Tuesday, April 20, 2010

For those who track 3D

Folks in the field of animal locomotion would know how kinematics data are usually obtained. But allow me to summary the general procedure in a few sentences. To track anything in 3D, at least two camera views have to be available at all time. After space calibration, one can calculate the 3D configurations of the objects in the analysis software of his/her choice. Ideally, video tracking can use any inherent features of the subject. However, to facilitate automatic tracking, high contrast makers are often attached to the subject. Infrared markers offer a way to highlight the features of interest without compromising the lighting for the normal video acquisition. After I created two families of soft-bodied robots, I was challenged by the need of quantitative data. These kinematics data are critical for any mechanical analysis on the robot locomotion.I set up our VICON 3D system to track my robot kinematics at Tufts Advanced Technology Laboratory. VICON is a company that makes 3D tracking systems for research in locomotion and animation industry. It employed several near infrared high speed cameras which would detect the IR signals coming off the retro-reflective markers attached to the subject. Unfortunately, retro-reflective marking is really not the way to track small animals such as insects or robots of the same scale.
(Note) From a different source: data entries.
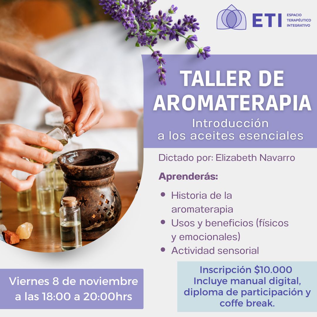 Este viernes 8 de noviembre de 18:00 a 20:00hrs, te invitamos a un nuevo taller de aromaterapia dictado por Elizabeth Navarro.
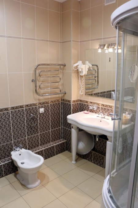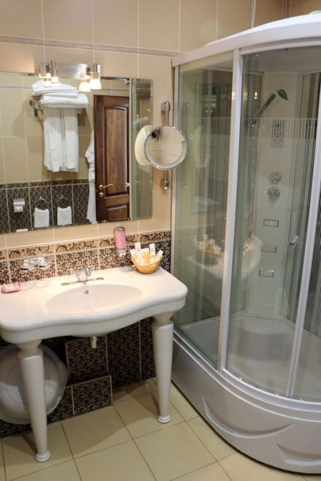 Санузел: Душ, гигиенические средства (зубная паста, зубная щетка, косметический набор, бритвенный набор, швейный набор, шампунь, кондиционер для волос, гель, лосьон, туалетное мыло, шапочка ванная).
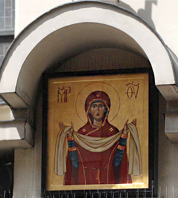 Opieka Matki Bożej, fasada cerkwi pw. Zaśnięcia NMP w Krakowie, 90x110 cm

After going through many types of IR florescent chemicals, I finally decided to go with semi-conductor IR emitters (or infrared LEDs).
This works out really great for my application because I do not need to worry about IR light flooding or bad camera focus. These surface mount IR emitters produce point-source lighting smaller than 1mm. The IR cameras pick them up like many distant stars. In fact, a little out of focus actually increase the pixel numbers from which the centroid positions are derived.
Data are coming alright, but my data crunching techniques are still too slow for the rate by which these high speed cameras acquire data. I better work on that!

Friday, April 2, 2010

Gait transition and embeded AI

A couple of years back, I was deeply impressed by probably the most well-known bio-inspired robot which demonstrated the effects of central pattern generator on gait transitions. This is the EPFL salamander robot with coupled non-linear oscillators. In this research amphibious robot, smooth gait transitions were accomplished by tuning the gain of oscillators coupling.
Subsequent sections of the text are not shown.